To do.
Skip pictures in the listing below; copy exactly the lines from the one with "Digastric palmaris longus" through the one with "Rotary Bundle Wrapper", inclusive.
Start of Provided data
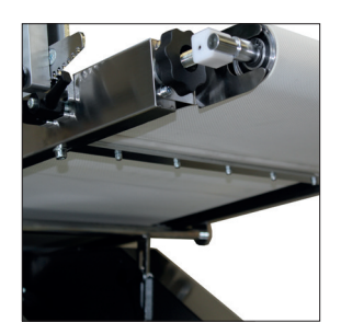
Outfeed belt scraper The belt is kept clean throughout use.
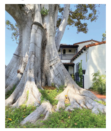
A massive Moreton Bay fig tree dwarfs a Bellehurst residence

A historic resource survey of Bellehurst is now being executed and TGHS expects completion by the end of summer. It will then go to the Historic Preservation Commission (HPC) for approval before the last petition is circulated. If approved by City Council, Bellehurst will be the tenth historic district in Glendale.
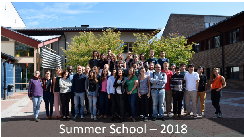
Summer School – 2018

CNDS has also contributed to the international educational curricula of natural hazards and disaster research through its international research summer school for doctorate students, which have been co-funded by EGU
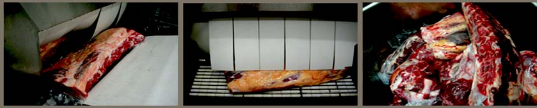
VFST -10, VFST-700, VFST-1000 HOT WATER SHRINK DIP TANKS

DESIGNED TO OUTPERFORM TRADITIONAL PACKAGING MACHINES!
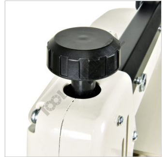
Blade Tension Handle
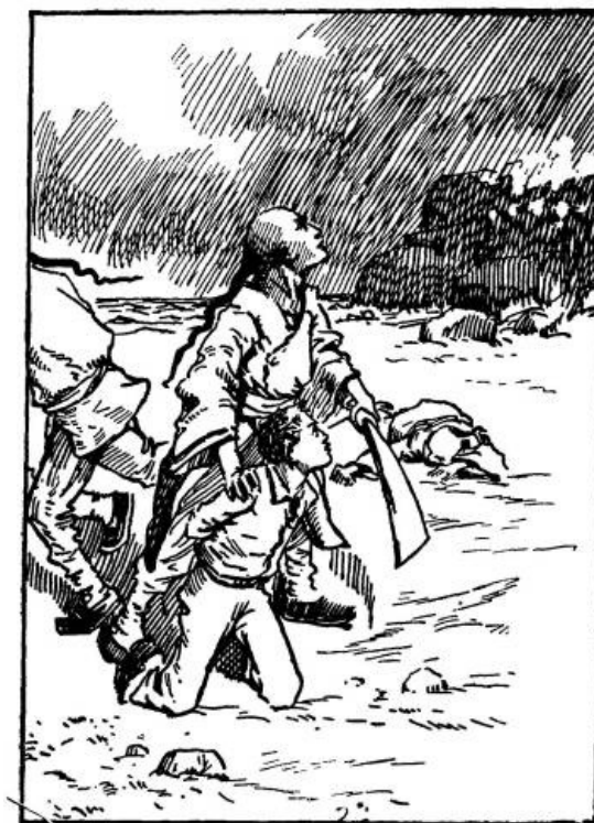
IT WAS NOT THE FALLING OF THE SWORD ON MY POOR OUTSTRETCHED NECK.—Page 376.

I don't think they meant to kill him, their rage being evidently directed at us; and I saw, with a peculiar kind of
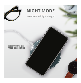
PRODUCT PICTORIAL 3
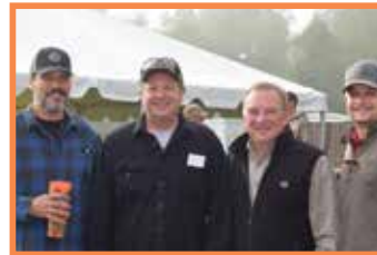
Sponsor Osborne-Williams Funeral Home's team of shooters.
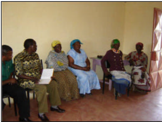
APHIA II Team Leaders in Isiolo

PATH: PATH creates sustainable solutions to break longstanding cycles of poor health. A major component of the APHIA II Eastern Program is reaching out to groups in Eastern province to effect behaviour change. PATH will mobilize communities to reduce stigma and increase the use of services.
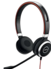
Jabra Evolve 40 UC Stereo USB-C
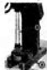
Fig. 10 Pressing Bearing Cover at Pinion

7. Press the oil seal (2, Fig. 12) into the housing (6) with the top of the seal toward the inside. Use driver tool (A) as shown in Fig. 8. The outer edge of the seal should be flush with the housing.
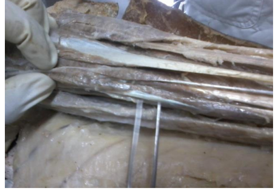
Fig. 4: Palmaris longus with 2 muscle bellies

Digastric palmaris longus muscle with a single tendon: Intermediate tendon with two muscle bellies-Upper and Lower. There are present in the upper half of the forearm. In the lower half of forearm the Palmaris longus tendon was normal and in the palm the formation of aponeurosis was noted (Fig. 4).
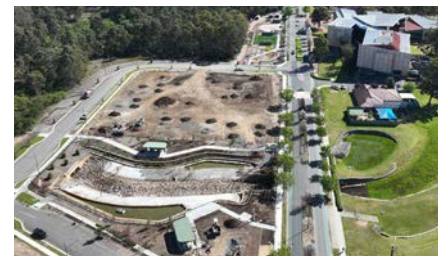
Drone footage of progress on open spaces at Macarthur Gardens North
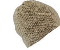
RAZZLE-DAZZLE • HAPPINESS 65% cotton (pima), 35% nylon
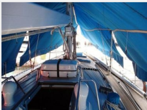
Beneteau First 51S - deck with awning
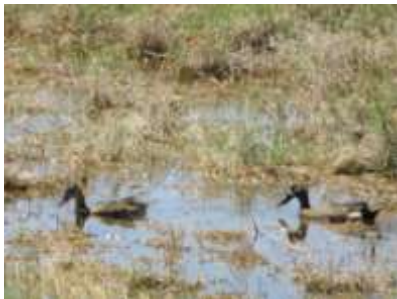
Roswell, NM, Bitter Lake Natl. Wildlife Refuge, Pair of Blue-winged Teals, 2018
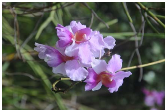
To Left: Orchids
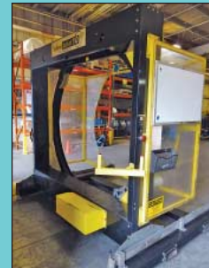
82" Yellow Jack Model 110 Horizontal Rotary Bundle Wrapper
End of Provided data
Start of Provided data
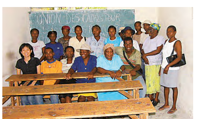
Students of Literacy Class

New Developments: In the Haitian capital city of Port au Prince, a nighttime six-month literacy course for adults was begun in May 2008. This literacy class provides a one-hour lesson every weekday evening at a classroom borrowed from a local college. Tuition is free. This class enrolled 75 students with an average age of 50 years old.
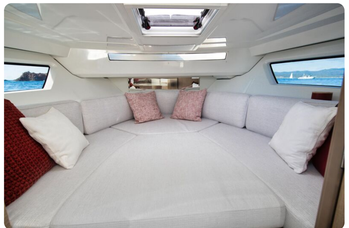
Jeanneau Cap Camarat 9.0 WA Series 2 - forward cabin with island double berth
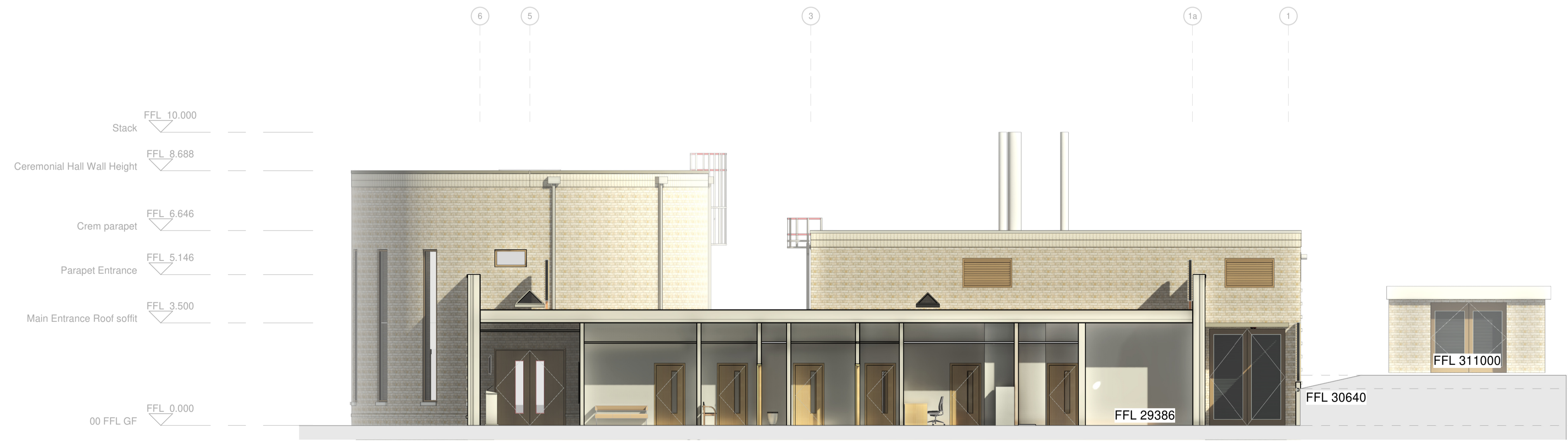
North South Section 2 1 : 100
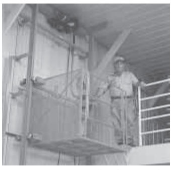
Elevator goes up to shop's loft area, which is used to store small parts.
End of Provided data
Solution below.
Digastric palmaris longus muscle with a single tendon: Intermediate tendon with two muscle bellies-Upper and Lower. There are present in the upper half of the forearm. In the lower half of forearm the Palmaris longus tendon was normal and in the palm the formation of aponeurosis was noted (Fig. 4).
Drone footage of progress on open spaces at Macarthur Gardens North
RAZZLE-DAZZLE • HAPPINESS 65% cotton (pima), 35% nylon
Beneteau First 51S - deck with awning
Roswell, NM, Bitter Lake Natl. Wildlife Refuge, Pair of Blue-winged Teals, 2018
To Left: Orchids
82" Yellow Jack Model 110 Horizontal Rotary Bundle Wrapper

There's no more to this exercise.